▼▼▼
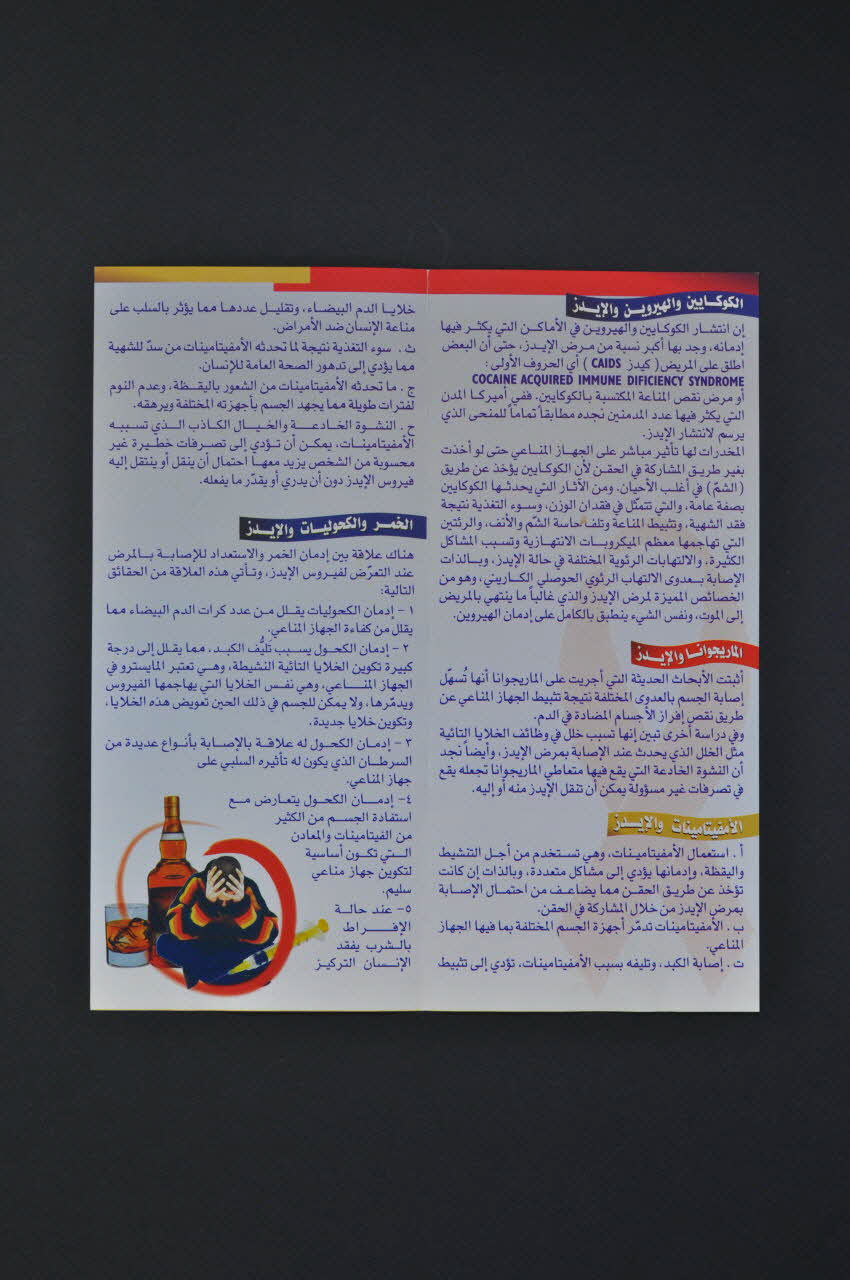 Ce dépliant en arabe est imprimé sur un feuillet de papier glacé plié en deux.
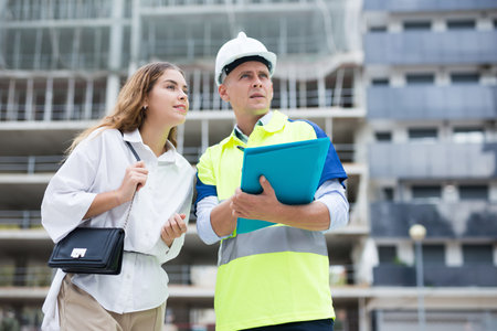 Construction manager and engineer dressed in orange work vests and hard helmets explore construction documentation on the building site near the steel frames
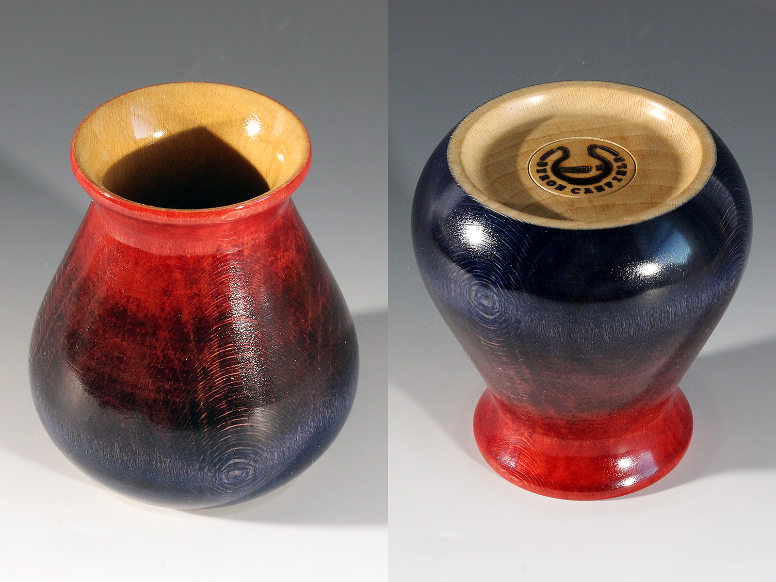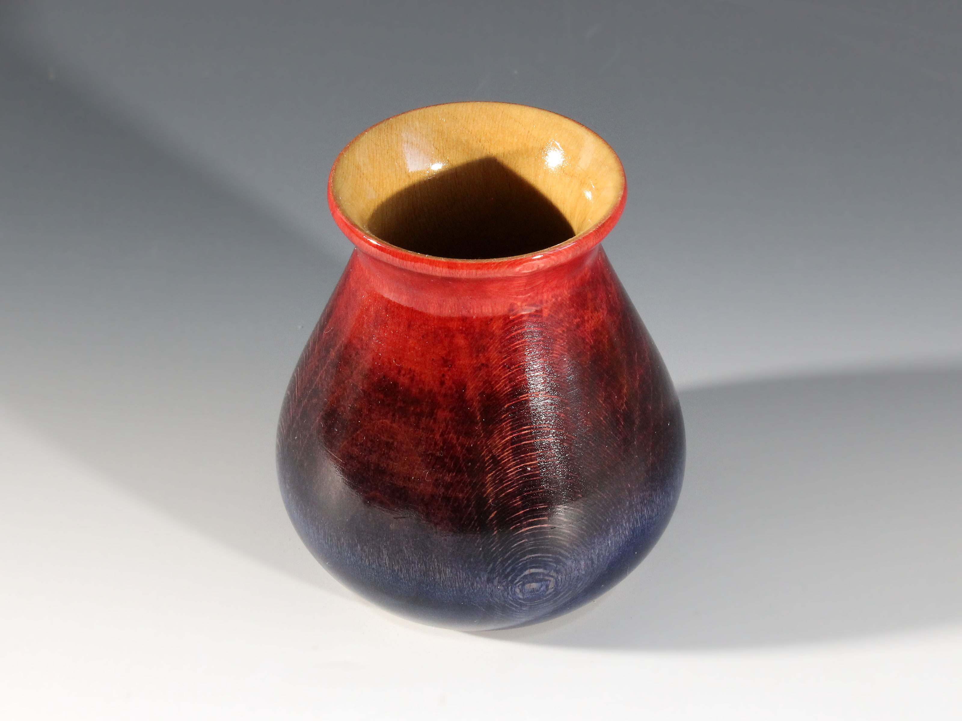 Maple vase; colored with analine dye; 3-3/4″ dia. x 4″ tall.
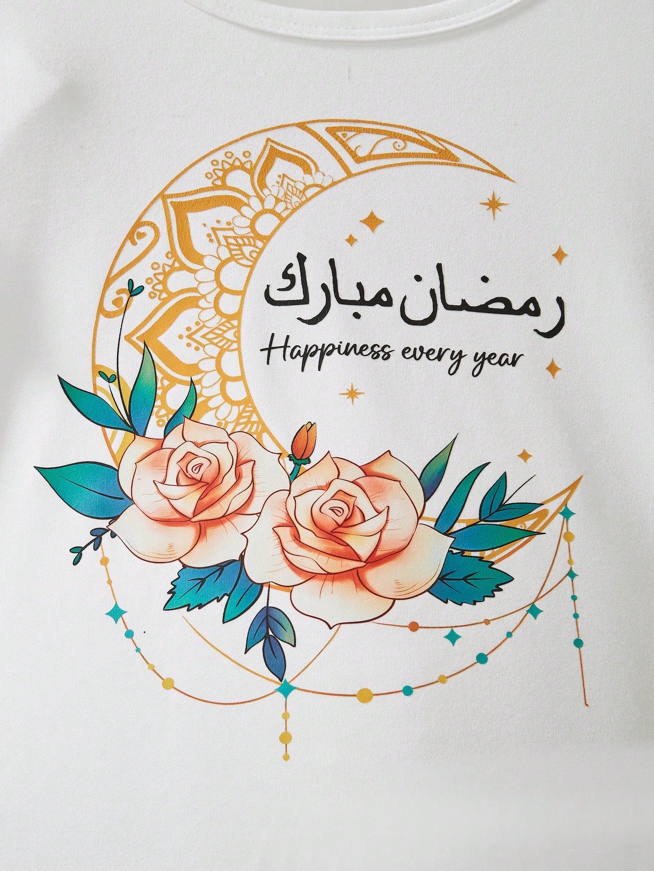 طقم مكون من قطعتين من توب بأكمام قصيرة وحافة مكشكشة وطبعة هلال رمضان للفتيات المراهقات وطبعة سماء مرصعة بالنجوم
▲▲▲
Problem statement
Repeat the material above precisely as it appears, omitting the images it contains.

Response to the exercise
 Ce dépliant en arabe est imprimé sur un feuillet de papier glacé plié en deux.
 Construction manager and engineer dressed in orange work vests and hard helmets explore construction documentation on the building site near the steel frames
 Maple vase; colored with analine dye; 3-3/4″ dia. x 4″ tall.
 طقم مكون من قطعتين من توب بأكمام قصيرة وحافة مكشكشة وطبعة هلال رمضان للفتيات المراهقات وطبعة سماء مرصعة بالنجوم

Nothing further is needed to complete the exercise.